#### [EXERCISE GOAL]
Below is a listing; retype exactly the lines between the one containing "Транспортний літак Ан-124-100, що" and the one containing "Fototapeten Muster aus", inclusive, minus the pictures.

#### [SOURCE MATERIAL]
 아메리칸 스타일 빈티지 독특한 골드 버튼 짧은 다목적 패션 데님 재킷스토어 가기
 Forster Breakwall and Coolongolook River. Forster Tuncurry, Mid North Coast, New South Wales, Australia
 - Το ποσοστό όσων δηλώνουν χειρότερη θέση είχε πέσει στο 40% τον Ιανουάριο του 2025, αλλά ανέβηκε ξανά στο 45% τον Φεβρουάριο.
* * *
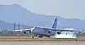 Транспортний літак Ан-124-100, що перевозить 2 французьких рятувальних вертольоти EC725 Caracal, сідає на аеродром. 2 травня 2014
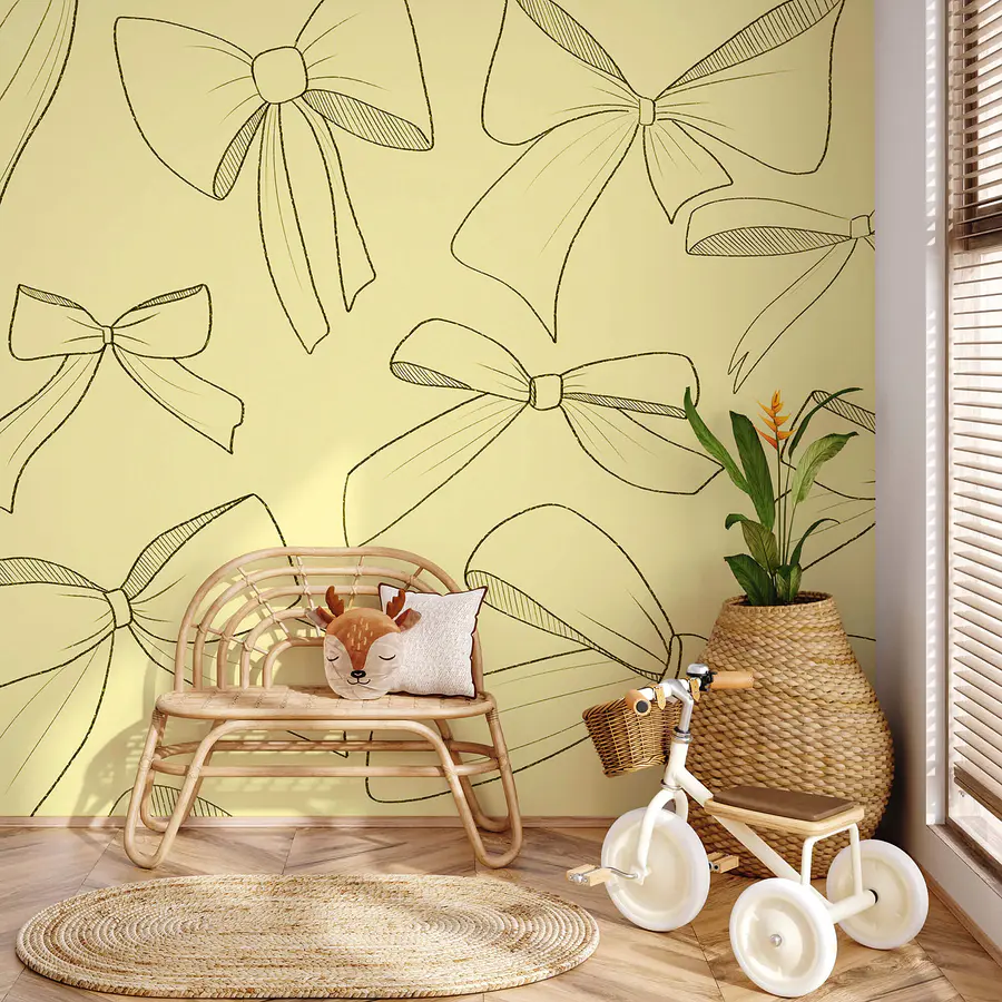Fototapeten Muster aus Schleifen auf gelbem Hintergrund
...
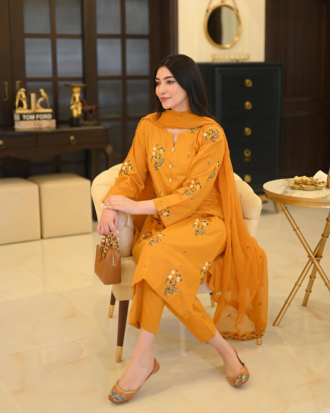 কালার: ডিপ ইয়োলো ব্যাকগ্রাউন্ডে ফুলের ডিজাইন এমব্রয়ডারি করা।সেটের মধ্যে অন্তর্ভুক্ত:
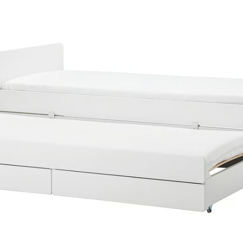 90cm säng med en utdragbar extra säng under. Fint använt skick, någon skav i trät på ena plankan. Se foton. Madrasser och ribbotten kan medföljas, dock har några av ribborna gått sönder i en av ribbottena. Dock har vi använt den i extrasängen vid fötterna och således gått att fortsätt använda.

#### [ANSWER BOX]
 Транспортний літак Ан-124-100, що перевозить 2 французьких рятувальних вертольоти EC725 Caracal, сідає на аеродром. 2 травня 2014
Fototapeten Muster aus Schleifen auf gelbem Hintergrund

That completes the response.